Reproduce the listing below from the line with "提取忍冬多糖的最佳工艺为料液比1∶25 (g/mL),超声温度80 ℃,超声时间60" to the line with "met gebogen cz-hanger", both lines included, character for character, minus any pictures.
*** DATA FOR PROCESSING
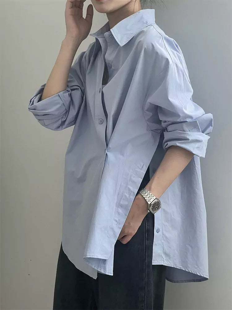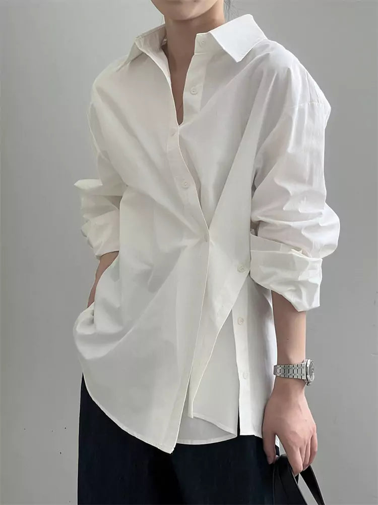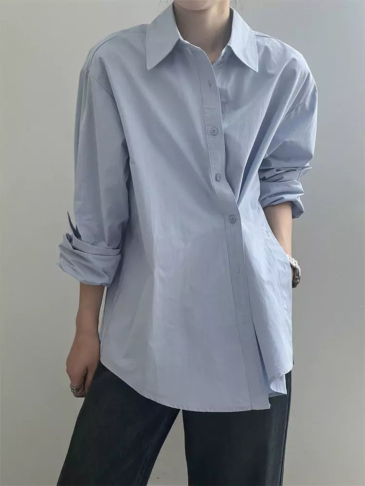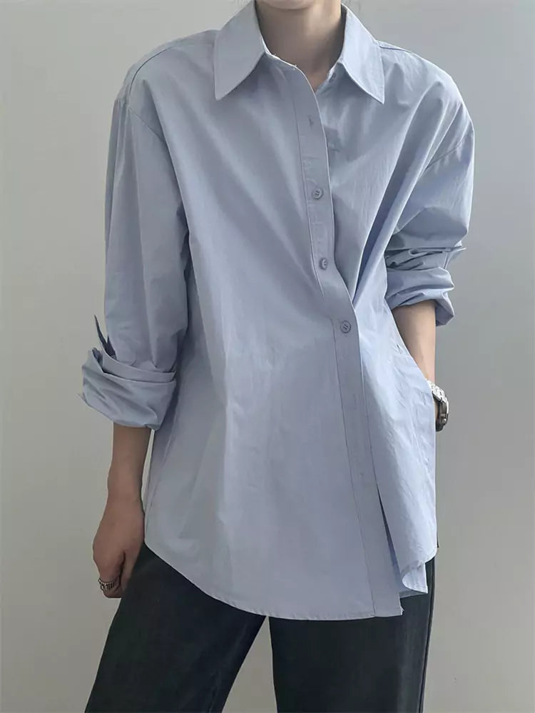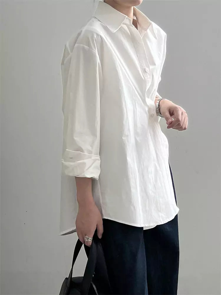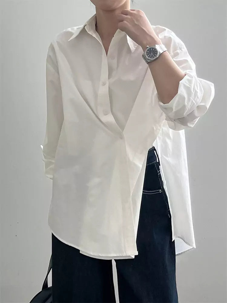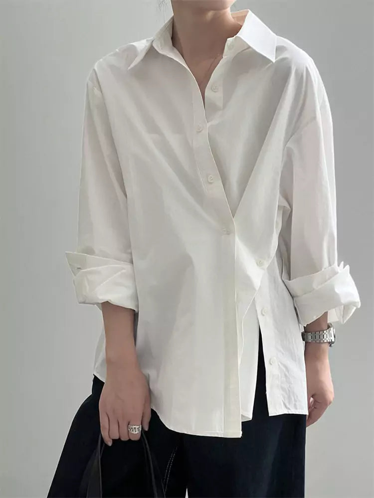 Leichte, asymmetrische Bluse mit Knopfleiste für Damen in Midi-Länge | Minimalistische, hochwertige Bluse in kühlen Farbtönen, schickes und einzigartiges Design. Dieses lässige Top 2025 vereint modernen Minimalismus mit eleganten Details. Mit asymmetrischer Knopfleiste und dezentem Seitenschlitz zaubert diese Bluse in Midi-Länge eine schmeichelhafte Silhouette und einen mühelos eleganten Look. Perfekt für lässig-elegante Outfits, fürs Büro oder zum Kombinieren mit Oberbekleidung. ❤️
******
*** DATA FOR PROCESSING
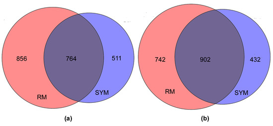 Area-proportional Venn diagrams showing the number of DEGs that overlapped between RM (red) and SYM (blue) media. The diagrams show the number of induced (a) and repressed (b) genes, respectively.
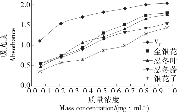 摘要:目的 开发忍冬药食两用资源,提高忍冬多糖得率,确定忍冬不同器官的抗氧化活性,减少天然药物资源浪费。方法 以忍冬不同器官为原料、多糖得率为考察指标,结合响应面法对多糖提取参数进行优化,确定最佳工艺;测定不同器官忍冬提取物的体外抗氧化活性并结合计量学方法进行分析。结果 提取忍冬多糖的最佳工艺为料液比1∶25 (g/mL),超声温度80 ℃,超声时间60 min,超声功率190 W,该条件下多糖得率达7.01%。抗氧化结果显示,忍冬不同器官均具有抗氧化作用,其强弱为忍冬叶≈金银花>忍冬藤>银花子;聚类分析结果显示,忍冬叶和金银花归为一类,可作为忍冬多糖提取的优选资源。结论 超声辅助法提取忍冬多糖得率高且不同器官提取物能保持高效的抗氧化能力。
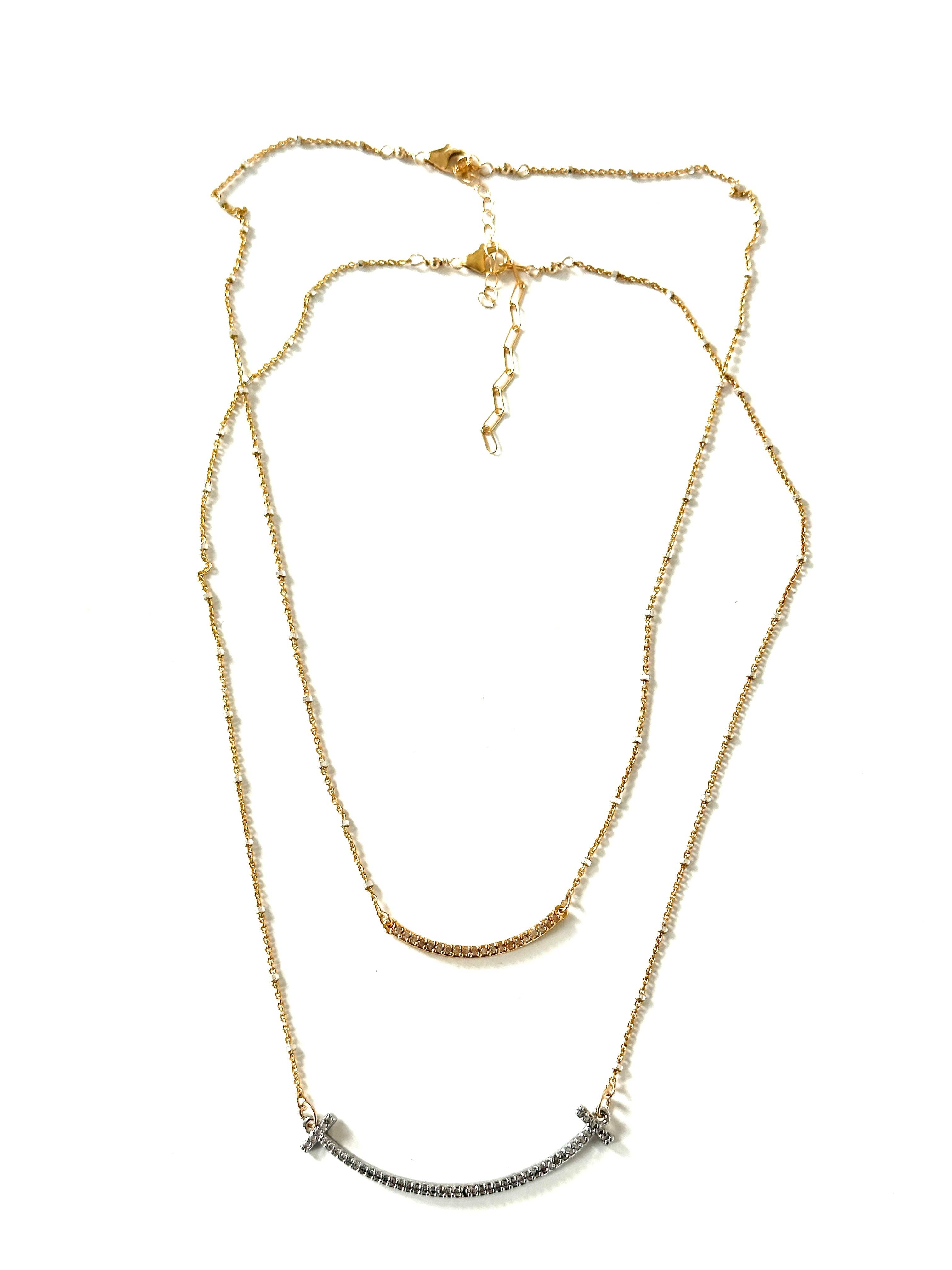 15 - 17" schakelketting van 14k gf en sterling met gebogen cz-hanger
******
- ANSWER SPACE:
 摘要:目的 开发忍冬药食两用资源,提高忍冬多糖得率,确定忍冬不同器官的抗氧化活性,减少天然药物资源浪费。方法 以忍冬不同器官为原料、多糖得率为考察指标,结合响应面法对多糖提取参数进行优化,确定最佳工艺;测定不同器官忍冬提取物的体外抗氧化活性并结合计量学方法进行分析。结果 提取忍冬多糖的最佳工艺为料液比1∶25 (g/mL),超声温度80 ℃,超声时间60 min,超声功率190 W,该条件下多糖得率达7.01%。抗氧化结果显示,忍冬不同器官均具有抗氧化作用,其强弱为忍冬叶≈金银花>忍冬藤>银花子;聚类分析结果显示,忍冬叶和金银花归为一类,可作为忍冬多糖提取的优选资源。结论 超声辅助法提取忍冬多糖得率高且不同器官提取物能保持高效的抗氧化能力。
 15 - 17" schakelketting van 14k gf en sterling met gebogen cz-hanger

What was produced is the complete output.